▶ **What you will do**
Quote exactly and only this range of lines in the data below: the line that holds "Zoals meerdere wegen" to the line that holds "A single word", both included.

▶ **Data under study**
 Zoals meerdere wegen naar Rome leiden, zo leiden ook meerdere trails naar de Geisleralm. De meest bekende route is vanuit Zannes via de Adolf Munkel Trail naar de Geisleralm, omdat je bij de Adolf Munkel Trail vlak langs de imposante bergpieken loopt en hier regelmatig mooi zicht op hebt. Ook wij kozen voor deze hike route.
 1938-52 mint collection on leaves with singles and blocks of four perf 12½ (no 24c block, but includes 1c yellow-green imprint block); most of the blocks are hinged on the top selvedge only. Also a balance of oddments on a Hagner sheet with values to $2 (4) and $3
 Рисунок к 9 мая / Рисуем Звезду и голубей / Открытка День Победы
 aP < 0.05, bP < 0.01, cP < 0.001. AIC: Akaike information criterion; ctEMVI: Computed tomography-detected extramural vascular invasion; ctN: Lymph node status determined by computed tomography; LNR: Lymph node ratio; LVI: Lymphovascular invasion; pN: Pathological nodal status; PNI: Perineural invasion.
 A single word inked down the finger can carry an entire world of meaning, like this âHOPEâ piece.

* * *

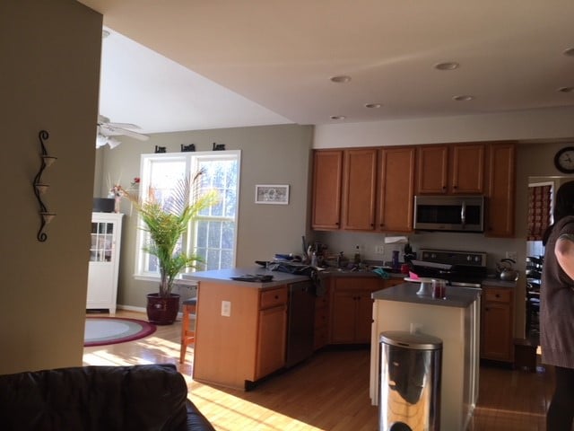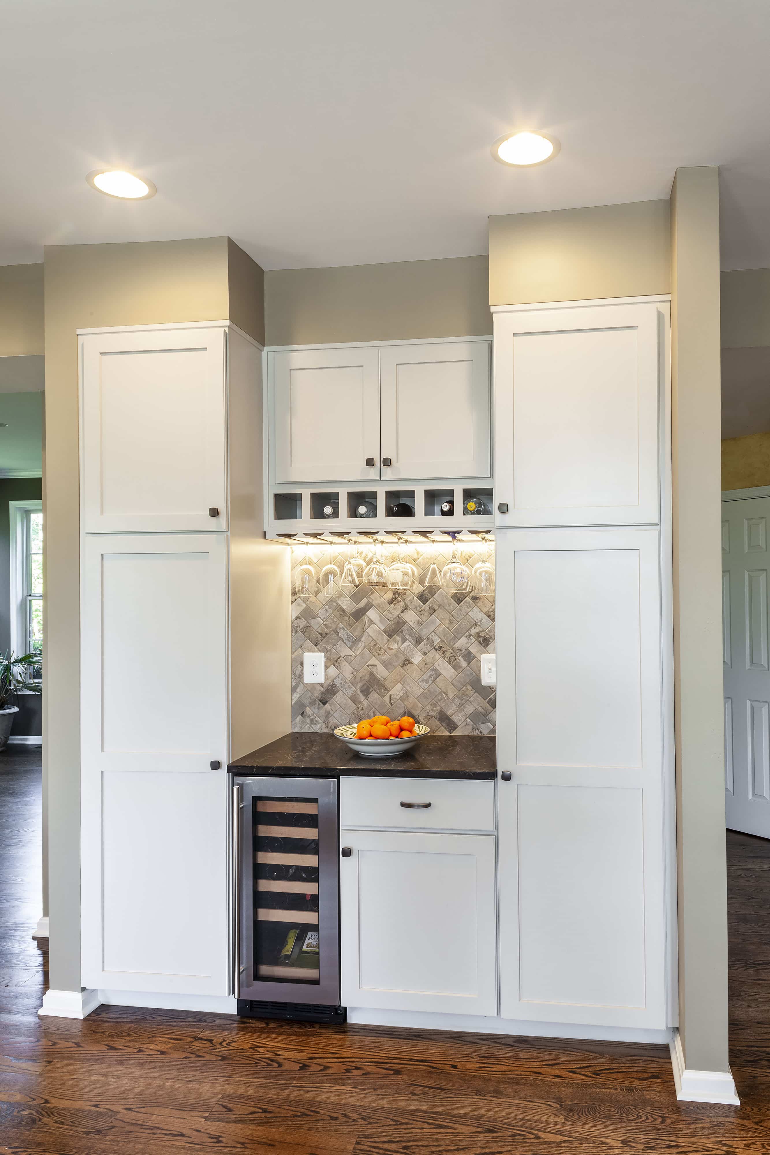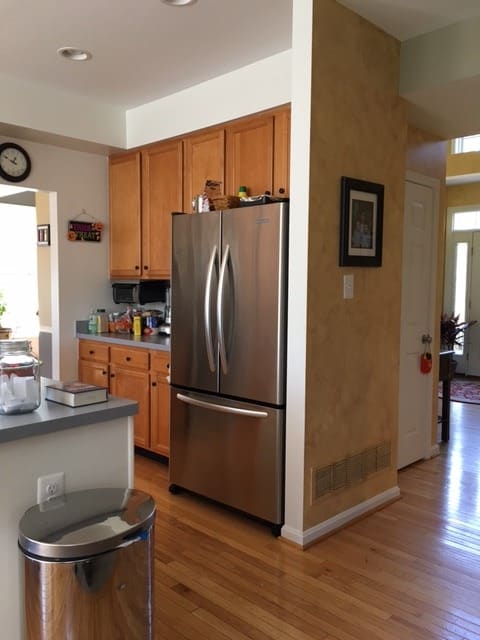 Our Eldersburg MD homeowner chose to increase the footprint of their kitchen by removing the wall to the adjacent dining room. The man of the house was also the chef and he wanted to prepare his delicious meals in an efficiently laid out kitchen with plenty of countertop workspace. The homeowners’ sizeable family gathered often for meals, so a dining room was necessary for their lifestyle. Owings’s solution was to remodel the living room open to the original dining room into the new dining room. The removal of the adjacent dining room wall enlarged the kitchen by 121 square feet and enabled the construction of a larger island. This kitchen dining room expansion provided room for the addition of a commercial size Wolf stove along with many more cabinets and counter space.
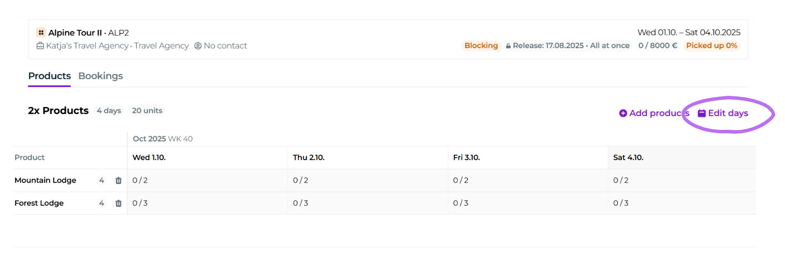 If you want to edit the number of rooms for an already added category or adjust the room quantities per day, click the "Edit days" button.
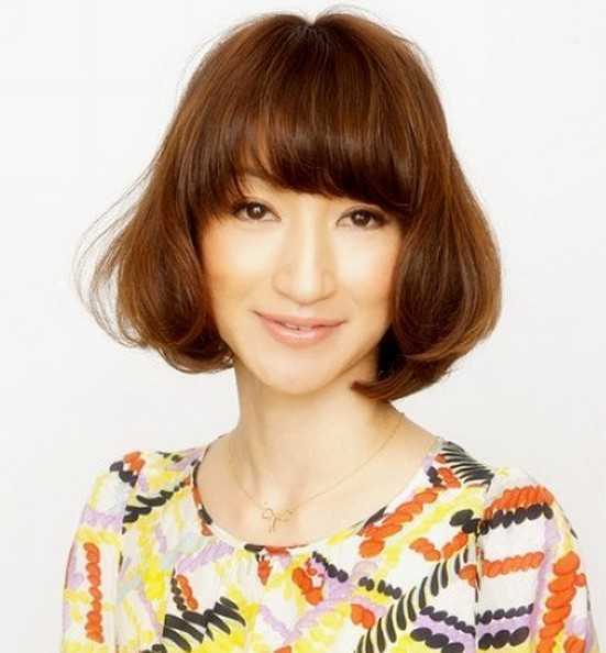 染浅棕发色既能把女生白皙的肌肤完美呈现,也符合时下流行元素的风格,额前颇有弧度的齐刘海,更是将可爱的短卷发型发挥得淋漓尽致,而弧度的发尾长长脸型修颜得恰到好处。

▶ **Output of the exercise**
 Zoals meerdere wegen naar Rome leiden, zo leiden ook meerdere trails naar de Geisleralm. De meest bekende route is vanuit Zannes via de Adolf Munkel Trail naar de Geisleralm, omdat je bij de Adolf Munkel Trail vlak langs de imposante bergpieken loopt en hier regelmatig mooi zicht op hebt. Ook wij kozen voor deze hike route.
 1938-52 mint collection on leaves with singles and blocks of four perf 12½ (no 24c block, but includes 1c yellow-green imprint block); most of the blocks are hinged on the top selvedge only. Also a balance of oddments on a Hagner sheet with values to $2 (4) and $3
 Рисунок к 9 мая / Рисуем Звезду и голубей / Открытка День Победы
 aP < 0.05, bP < 0.01, cP < 0.001. AIC: Akaike information criterion; ctEMVI: Computed tomography-detected extramural vascular invasion; ctN: Lymph node status determined by computed tomography; LNR: Lymph node ratio; LVI: Lymphovascular invasion; pN: Pathological nodal status; PNI: Perineural invasion.
 A single word inked down the finger can carry an entire world of meaning, like this âHOPEâ piece.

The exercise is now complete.